[Task item]
Reproduce the whole listing exactly and let no picture into the copy.

[Recorded information]

* * * * * * * * *

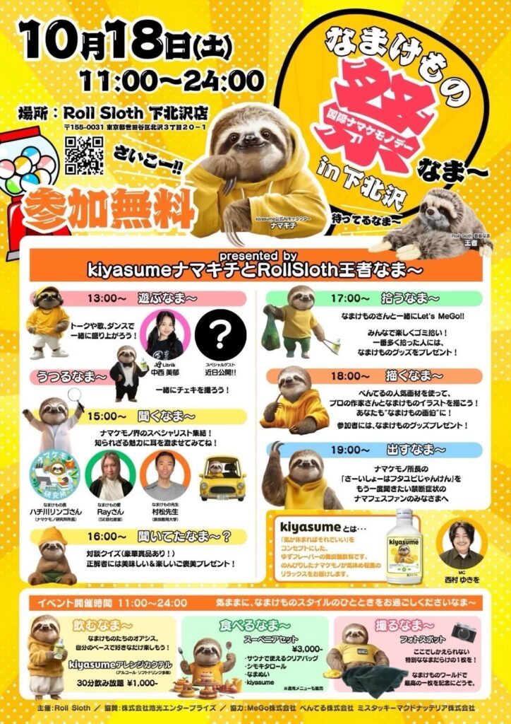 毎年10月第3土曜日は「国際ナマケモノデー」。地球の森と生態系にとって重要な存在である“ナマケモノ”を守り、関心を高めることを目的とした国際的な記念日です。本イベントはその国際ナマケモノデーを記念し、kiyasume公式AIキャラクター・ナマキチとRoll Sloth看板なま・王者がタッグを組み、丸一日“なまけもの尽くし”でお届けする1日。入場・参加はすべて無料。多彩な「なまけもの」企画を通じて、来場者の皆さまに“なまけものスタイルのひととき”をお届けします。
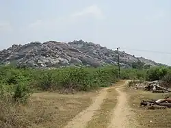 Kanchiyur hillock is about 400 feet in height. In the top of the hill, there is a cave which contains 10 stone beds on the floor.[2] A stone seat also located near to the beds. All the stone beds have carved pillows. Among the 10 stone beds, pillows of four stone beds are carved semicircular (see the picture gallery) similar to that of found in Andimalai hillock of Cholapandiyapuram. Near the hill, broken pieces of pots belonging to 1st or 2nd centuries CE were found in large numbers.[3]
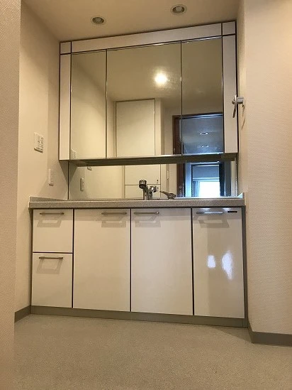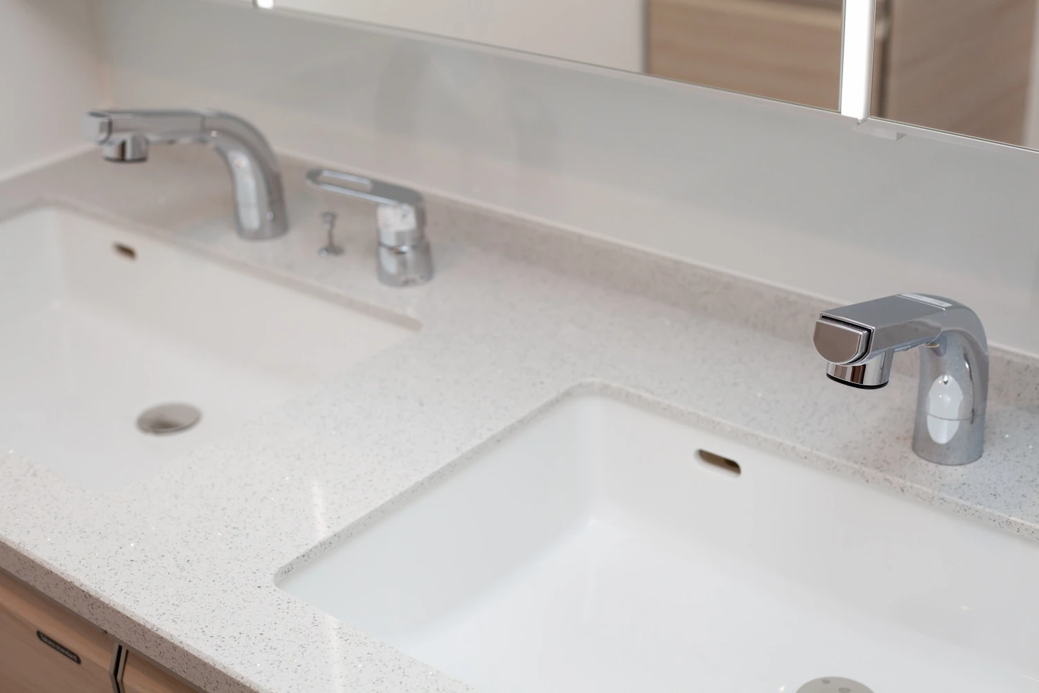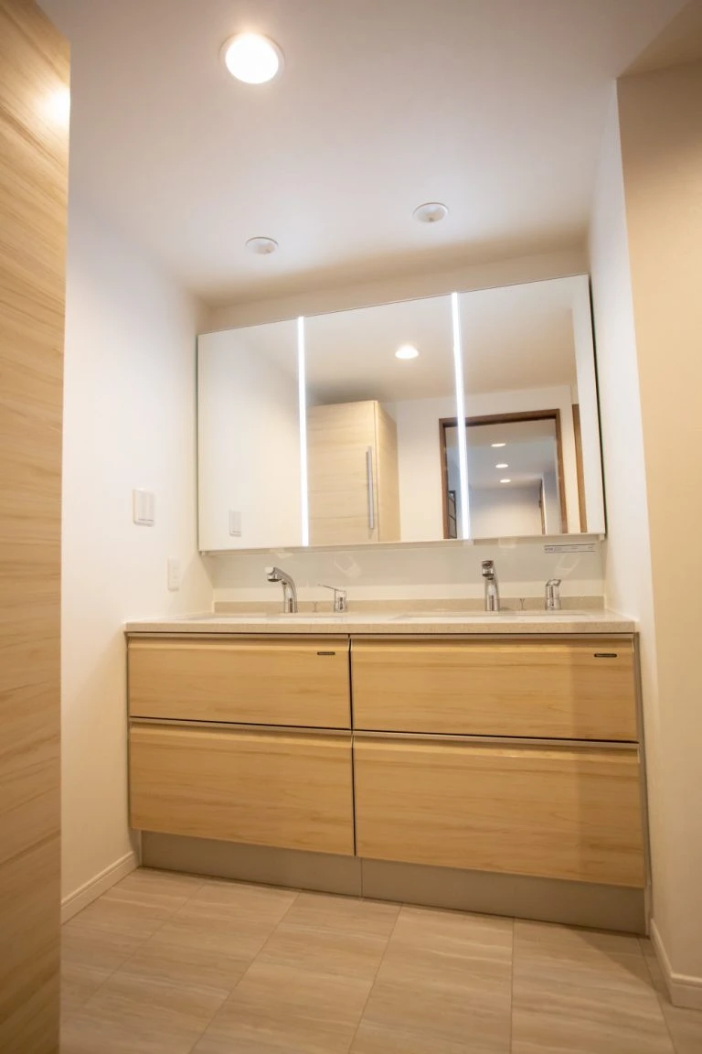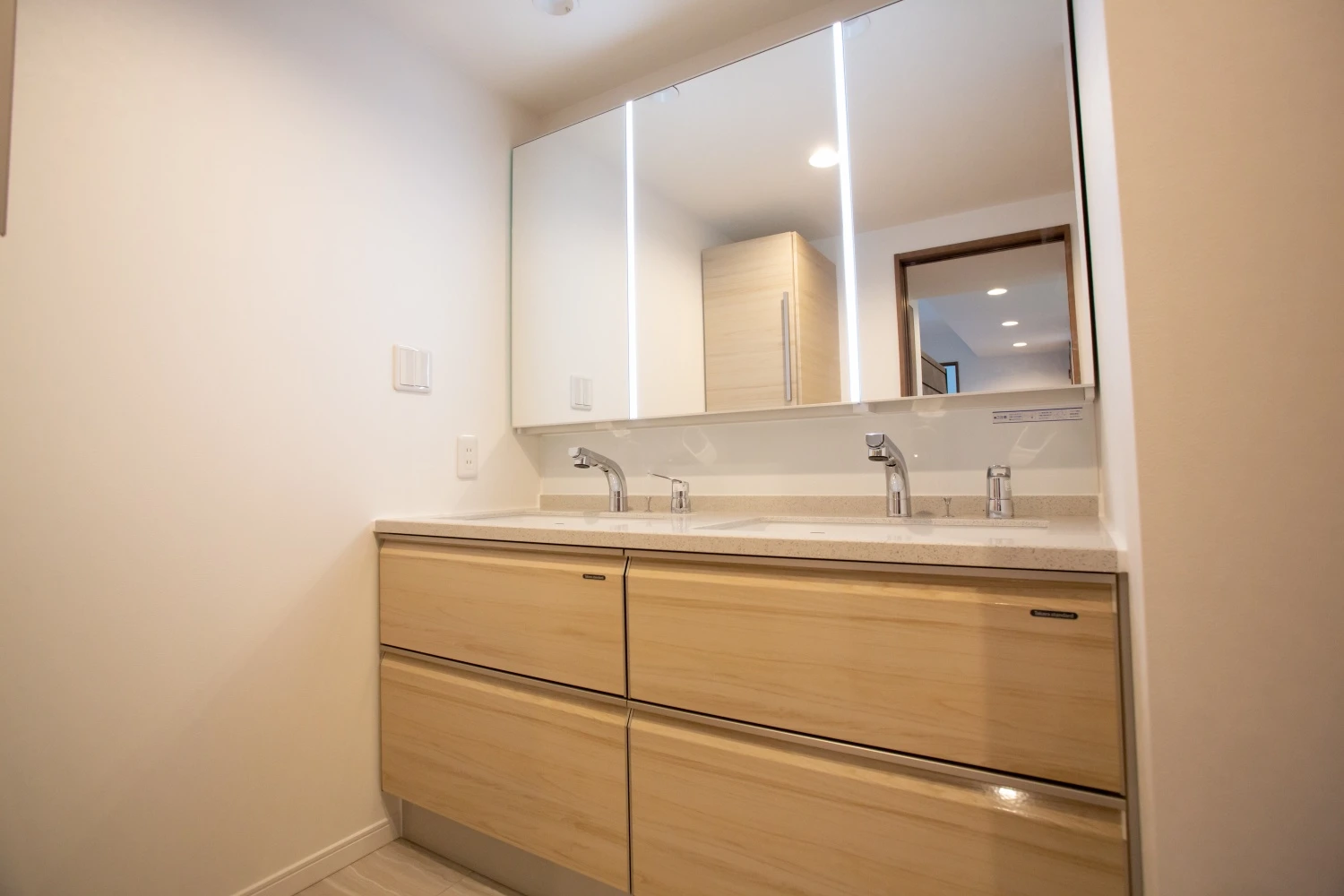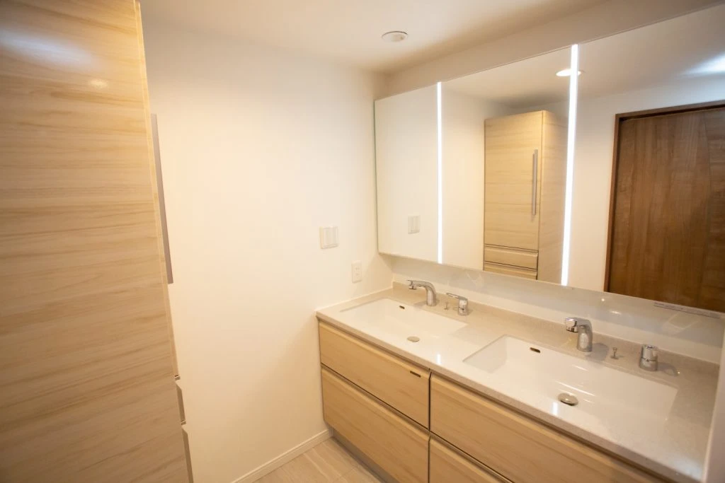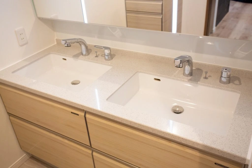 リクシルのハイグレードのユニットバス「スパージュ」と洗面台「ルミシス」へのリフォーム事例になります。CMでおなじみの肩湯などスパージュにしかつけられないオプションがついているほか、壁パネルもタイル調でまるで在来浴室のような高級感があります。一方、洗面台は2つ洗面ボウルが付いているタイプのもので、忙しい朝の時間帯でも、家族でゆったり使っていただけます。

* * * * * * * * *

[Problem solution]
 毎年10月第3土曜日は「国際ナマケモノデー」。地球の森と生態系にとって重要な存在である“ナマケモノ”を守り、関心を高めることを目的とした国際的な記念日です。本イベントはその国際ナマケモノデーを記念し、kiyasume公式AIキャラクター・ナマキチとRoll Sloth看板なま・王者がタッグを組み、丸一日“なまけもの尽くし”でお届けする1日。入場・参加はすべて無料。多彩な「なまけもの」企画を通じて、来場者の皆さまに“なまけものスタイルのひととき”をお届けします。
 Kanchiyur hillock is about 400 feet in height. In the top of the hill, there is a cave which contains 10 stone beds on the floor.[2] A stone seat also located near to the beds. All the stone beds have carved pillows. Among the 10 stone beds, pillows of four stone beds are carved semicircular (see the picture gallery) similar to that of found in Andimalai hillock of Cholapandiyapuram. Near the hill, broken pieces of pots belonging to 1st or 2nd centuries CE were found in large numbers.[3]
 リクシルのハイグレードのユニットバス「スパージュ」と洗面台「ルミシス」へのリフォーム事例になります。CMでおなじみの肩湯などスパージュにしかつけられないオプションがついているほか、壁パネルもタイル調でまるで在来浴室のような高級感があります。一方、洗面台は2つ洗面ボウルが付いているタイプのもので、忙しい朝の時間帯でも、家族でゆったり使っていただけます。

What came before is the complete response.